Editorial: Secondary analysis of national nutrition surveys: from science to policy

  • 1USDA-ARS Grand Forks Human Nutrition Research Center, Grand Forks, ND, United States
  • 2Wayzek Science, St.Paul, MN, United States

1. Introduction

National nutrition survey data provide insight into nutrient intake, food intake, and health status at a population level. Many countries, including the United States, South Korea, Mexico, Japan, and several European countries (1) conduct national nutrition surveys, which generate important context for targeted nutrition policies including food-based dietary guidance (FBDGs).
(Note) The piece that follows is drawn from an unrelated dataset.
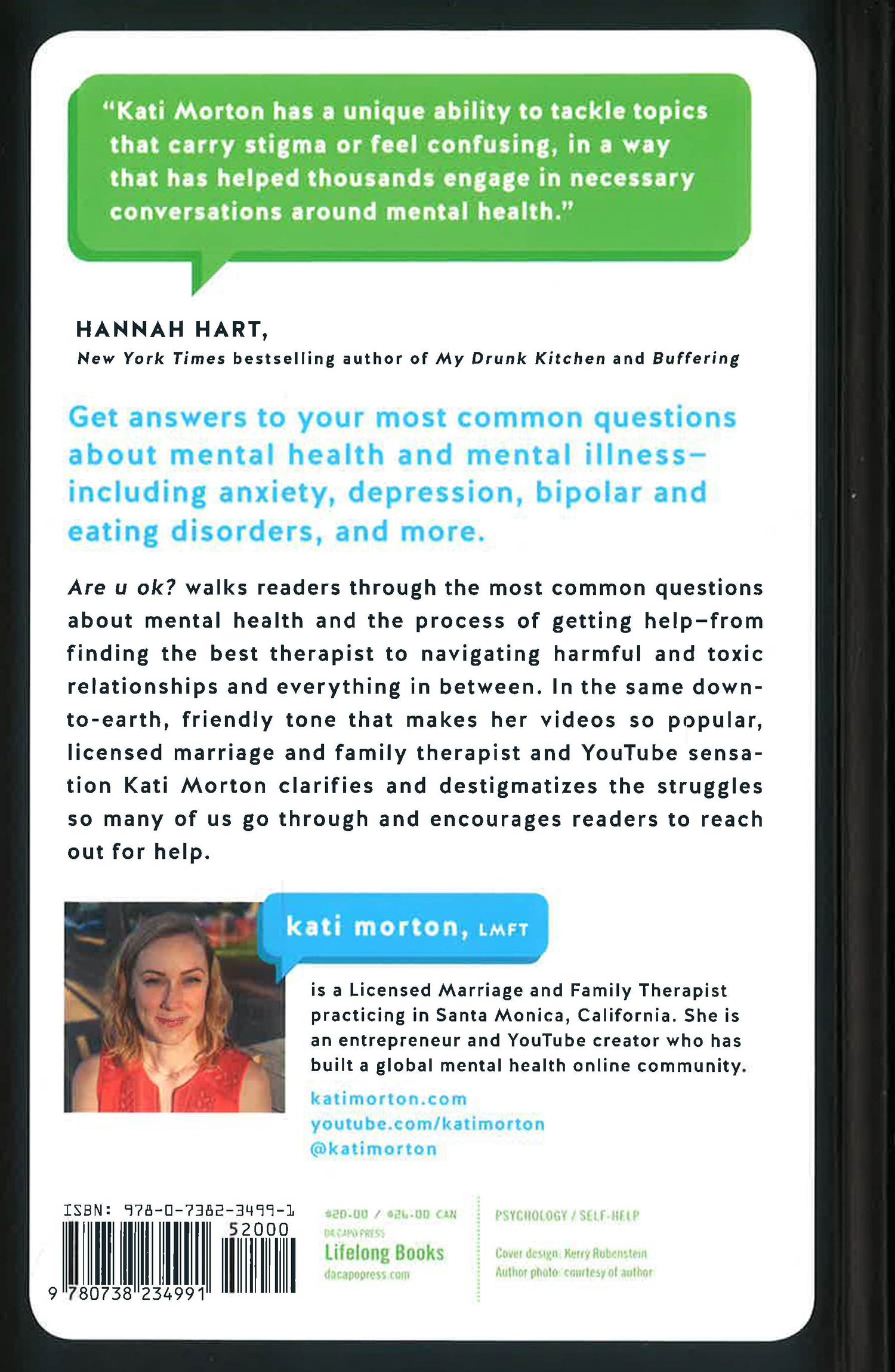 Everyone struggles with mental health issues from time to time, but the greatest level of misunderstanding comes from knowing the difference between mental health and mental illness, figuring out whether we need professional help and, if so, how to find it. Are u ok? walks readers through the most commonly asked questions about mental health and the process of getting help. From finding the best therapist to navigating harmful and toxic relationships and everything in between, licensed family therapist and YouTube sensation Kati Morton clarifies and de-stigmatizes the struggles so many of us go through, and encourages readers to reach out for help. What are the red flags of a mental health issue? How do you go about making a first therapy appointment? How do you know if your therapist is a good fit for you? What are the best ways of talking about mental health with your family, friends and colleagues? There are so many questions and concerns, and in the down-to-earth, friendly tone that makes Kati Morton so popular on YouTube, Are u ok? informs and reminds us that we can get through the difficult times and we are never alone.

In the US, data from the National Health and Nutrition Examination Survey (NHANES) are used as part of the evidence base for updating public health policies, including the Dietary Guidelines for Americans (DGA). NHANES data inform recommended healthy dietary patterns in the DGA, help identify nutrients of concern for under- and over-consumption across the population, and provide early signals of nutritional insufficiencies among specific age, sex, and/or socioeconomic groups. These publicly available data function as a cost-effective resource for vital nutrition information.

The goal of this Research Topic is to share the latest findings from secondary analyses of national nutrition surveys across the globe with a special focus on how research findings may be translated to support the development of nutrition and public health policies.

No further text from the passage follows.